Global Financial Services Leader eliminates audit and compliance risks by implementing Micro Focus Release Control.
“With Serena (now part of Micro Focus) Release Control we have a reliable and repeatable release process, greater visibility into the release activities for all of our stakeholders and significantly improved confidence in our compliance with international laws and internal audit requirements.”
Director Change and Release
This customer is one of the world’s largest banking institutions, with a presence in all major financial centers worldwide and a global workforce of more than 50,000 employees. Services include retail and commercial banking, investment banking, investment management, and wealth management.
The Micro Focus Release Control product manages business critical releases as they move through the lifecycle in the company’s flagship wealth-management division. This division has a large, heterogeneous enterprise IT environment consisting of both mainframe and distributed systems. They are a longtime Micro Focus ChangeMan ZMF (Mainframe Software Change and Configuration Management) and Micro Focus SBM (IT Process Management, Process Automation and Workflow) customer that manages complex releases, spanning both the mainframe and distributed platforms, for more than 200 business applications.
As a leading provider of financial services to high net-worth individuals, individual citizens, and multi-national institutions, this customer is highly regulated and subject to rigorous internal and external compliance requirements and audits. Any audit finding that exposes an unauthorized change to production could result in a substantial financial penalty that would seriously affect the company’s financial performance and business reputation.
Upon review of its current change and release process, they lacked visibility and traceability of changes going from development to production. There was no high-level accountability or signoff for these changes and considerable manual effort was expended in the release and deployment of these changes.
Mainframe and distributed release teams were manually promoting changes into production without any formal coordination across platforms, projects and across the dev-to-deploy lifecycle.

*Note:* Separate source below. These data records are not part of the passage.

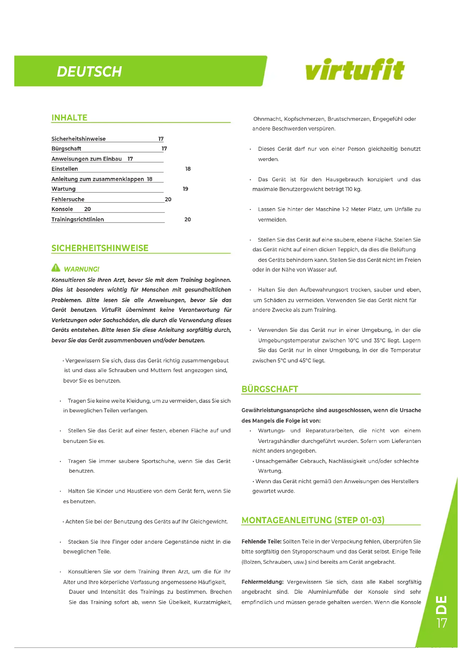 INHALTE Sicherheitshinweise 17 Bürgschaft 17 Anweisungen zum Einbau 17 Einstellen 18 Anleitung zum zusammenklappen 18 Wartung 19 Fehlersuche 20 Konsole 20 Trainingsrichtlinien 20 SICHERHEITSHINWEISE WARNUNG! Konsultieren Sie Ihren Arzt, bevor Sie mit dem Training beginnen. Dies ist besonders wichtig für Menschen mit gesundheitlichen Problemen. Bitte lesen Sie alle Anweisungen, bevor Sie das Gerät benutzen. VirtuFit übernimmt keine Verantwortung für Verletzungen oder Sachschäden, die durch die Verwendung dieses Geräts entstehen. Bitte lesen Sie diese Anleitung sorgfältig durch, bevor Sie das Gerät zusammenbauen und/oder benutzen.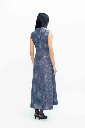 The Cosmic Dress captures effortless elegance with its flattering fit-and-flare silhouette and thoughtfully placed sequin detailing. The soft grey-blue hue provides a sophisticated foundation that transitions seamlessly from day to evening, while delicate embellishments add visual interest without overwhelming the design. Cinched at the waist to enhance your natural shape, the flowing midi length moves gracefully with you. Whether you're dressing for a special occasion or elevating your everyday style, this dress strikes the perfect balance between polished refinement and comfortable ease.
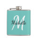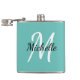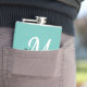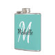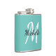 Matraz con fondo azul verde azulado claro y monograma personalizado blanco primer y primer nombre.
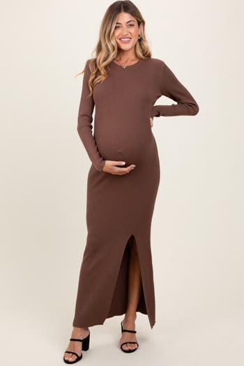 Embrace comfort and style with our Olive Ribbed Knit Long Sleeve Side Slit Maternity Maxi Dress. Crafted from a soft, stretchy ribbed knit fabric, this dress gently hugs your growing bump while providing all-day comfort. The elegant olive hue is perfect for any season, and the side slit adds a touch of sophistication and ease of movement. Long sleeves and a classic crew neckline make it a versatile choice for casual outings or dressier occasions. Whether you're expecting or nursing, this maxi dress offers a flattering fit and effortless style throughout your maternity journey.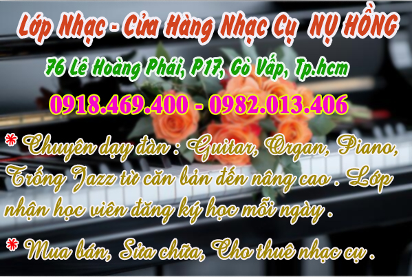 ♥ Tham gia các lớp học nhạc cụ : guitar, organ, piano, trống jazz,... tại Lớp Nhạc Nụ Hồng . Lớp nhận học viên đăng ký học mỗi ngày ..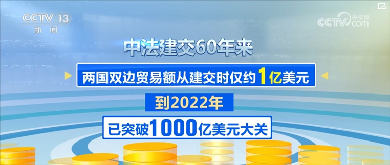中法建交60年來,兩國雙邊貿(mào)易額從建交時僅約1億美元,到2022年已突破1000億美元大關(guān)。如今,法國是中國在歐盟內(nèi)第三大貿(mào)易伙伴和第三大實(shí)際投資來源國,中國則是法國在亞洲第一大貿(mào)易伙伴。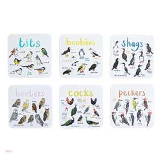 Aoto Set 6 Tấm Lót Cốc Hình Vuông Họa Tiết Chim Pun Có Thể Tái Sử Dụng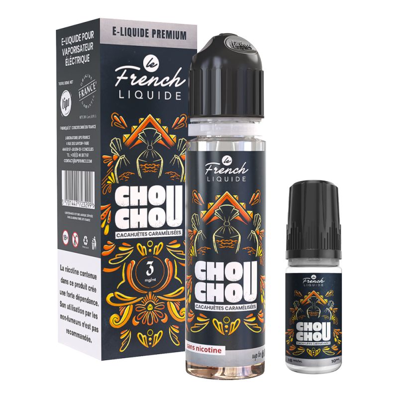 Le e-liquide chouchou 60ml de Le French Liquide propose une saveur gourmande de Cacahuètes caramélisées, un must pour les vapoteurs qui kiffent les saveurs gourmandes !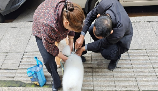 活动现场,设置了登记区、体检区、接种区、留观区,流程清晰有序。居民们牵着自家爱犬,在工作人员的引导下,依次完成信息登记、犬只健康检查、疫苗接种等环节。专业兽医仔细为每一只犬只进行健康排查,确认无禁忌症后规范接种疫苗,详细告知养犬居民疫苗接种后的注意事项,叮嘱后续按时完成加强免疫,现场建立犬只免疫台账,做到“一犬一档、应免尽免”。同时,工作人员同步普及狂犬病防控知识,讲解犬只接种疫苗的重要性、被犬猫抓伤咬伤后的应急处理方法,让居民充分认识到狂犬病可防可控的关键在于科学防疫。同时向居民宣传文明养犬相关规定,倡导大家外出遛狗牵好犬绳、及时清理犬只粪便、主动办理养犬登记证,自觉遵守公共秩序,爱护公共环境。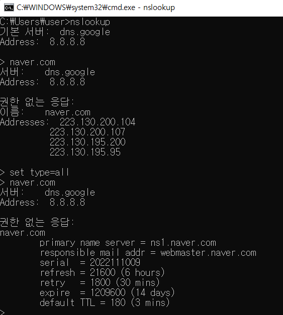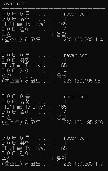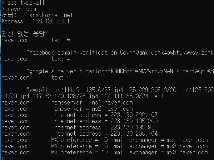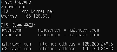 네이버는 대놓고 도메인을 ns1, ns2 라고 이름을 보여준다.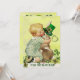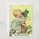 Jag är irländare! Snygg kanin som kramar en söt kanin med leprechaun hatt, grönt schampar, klöver hjärta, vintage stil, viskare design för St Paddy's Day ( St. Patty ) Baksida med en ljus 3D-klistersten med klöver av Bulgan Lumini.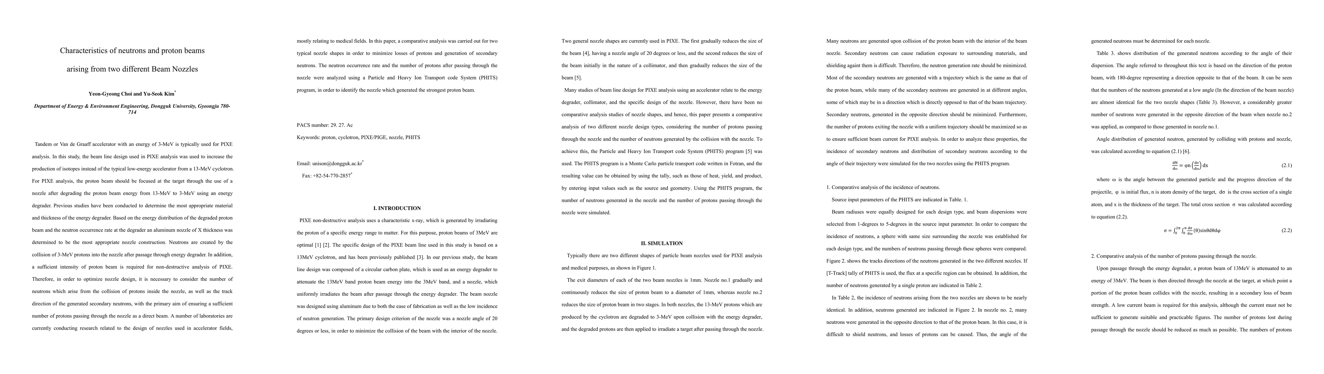 Tandem or Van de Graaff accelerator with an energy of 3-MeV is typically used for PIXE analysis. In this study, the beam line design used in PIXE analysis was used to increase the production of isotopes instead of the typical low-energy accelerator from a 13-MeV cyclotron. For PIXE analysis, the proton beam should be focused at the target through the use of a nozzle after degrading the proton beam energy from 13-MeV to 3-MeV using an energy degrader. Previous studies have been conducted to determine the most appropriate material and thickness of the energy degrader. Based on the energy distribution of the degraded proton beam and the neutron occurrence rate at the degrader an aluminum nozzle of X thickness was determined to be the most appropriate nozzle construction. Neutrons are created by the collision of 3-MeV protons into the nozzle after passage through energy degrader. In addition, a sufficient intensity of proton beam is required for non-destructive analysis of PIXE. Therefore, in order to optimize nozzle design, it is necessary to consider the number of neutrons which arise from the collision of protons inside the nozzle, as well as the track direction of the generated secondary neutrons, with the primary aim of ensuring a sufficient number of protons passing through the nozzle as a direct beam. A number of laboratories are currently conducting research related to the design of nozzles used in accelerator fields, mostly relating to medical fields. In this paper, a comparative analysis was carried out for two typical nozzle shapes in order to minimize losses of protons and generation of secondary neutrons. The neutron occurrence rate and the number of protons after passing through the nozzle were analyzed using a Particle and Heavy Ion Transport code System (PHITS) program, in order to identify the nozzle which generated the strongest proton beam.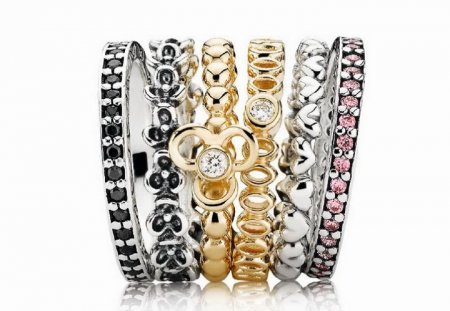 Изменить облик браслета совсем не сложно. Достаточно заменить одни шармы другими, что-то убрать, что-то добавить, а то и просто поменять бусины и подвески местами. С кольцами дело обстоит сложнее. Но дизайнеры Пандора нашли оригинальное решение: комплект из узеньких колец, которые можно сочетать между собой как угодно. В результате, на пальце каждый раз оказывается новое украшение. Мастера стремятся к тому, чтобы женщины могли сами комбинировать ювелирную продукцию так, как это им нравится. Особенно роскошно смотрится кольцо с большим камнем в сочетании со скромными лаконичными моделями. Для консервативных дам, не решающихся на смелые эксперименты, есть комплекты из различных аксессуаров, объединенных одним дизайном.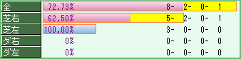 メニューバーより、「ヘルプ(H)」-「設定(O)」を選択して、設定ウインドウを開き、「勝率・連対率・複勝率 初期選択」を変更すると、初期選択ボタンを変更することができます。 |

Line-of-business owners were approving RFCs (Requests for Change) without understanding what applications and assets were being changed and what the impact of those changes would be. Ad hoc processes were supported by spreadsheets, email, SharePoint and the dedication, vigilance, and heroism of a few senior team members. There was no single system of record to manage the planning, tracking, and approvals as they transited from development to production. All of these issues added up to a serious risk to the business.
Executive management mandated that an integrated, reliable, and repeatable change and release management solution be implemented urgently that would ensure visibility, accountability, and traceability for all stakeholders and auditors.
The Serena (now part of Micro Focus) team was called in to work with the customer to design and implement an integrated change and release management process that provided visibility and control over release risk and cost. The customer selected Micro Focus Release Control (RLC) for its ability to provide a repeatable release process, providing end-to-end traceability by seamlessly integrating its enterprise change management (ServiceNow) with its software development systems SBM and Micro Focus ChangeMan ZMF (ZMF).
Release Managers now have a reliable and repeatable release process with established authority over release control gates. With Release Control, they have removed the need for SharePoint and spreadsheets. There is a single system of record to plan, track, and coordinate releases across both distributed and mainframe systems. With an integrated change and release process, they have eliminated manual promotions, ended duplicated tracking systems, and have achieved greater environment stability.
Development teams can now push software changes into releases without modifying or changing its existing Software Development Lifecycle (SDLC). Release Control is directly integrated with the customer’s software development tools and this means development teams are focused on developing software rather than worrying about what they have to do to release it.
Line-of-business owners and QA teams are notified when a change approval is pending. With Release Control, they see all the deployment tasks associated with the RFC as well as which applications, systems, and platforms are impacted. Based on the change approval, Release Control automates the promotion of mainframe and distributed changes, alleviating the need for manually changed promotion.
With Release Control in production, this forward-leaning organization has eliminated significant audit and compliance risk with its release management process. Release Control enforces separation of duties and is always “Audit Ready” by providing granular role- and user-based security, ensuring that stakeholders have immediate access to the information they need. Release Control keeps track of all users and system interactions so that the customer can always trace the history of a change request or see who approved a release item.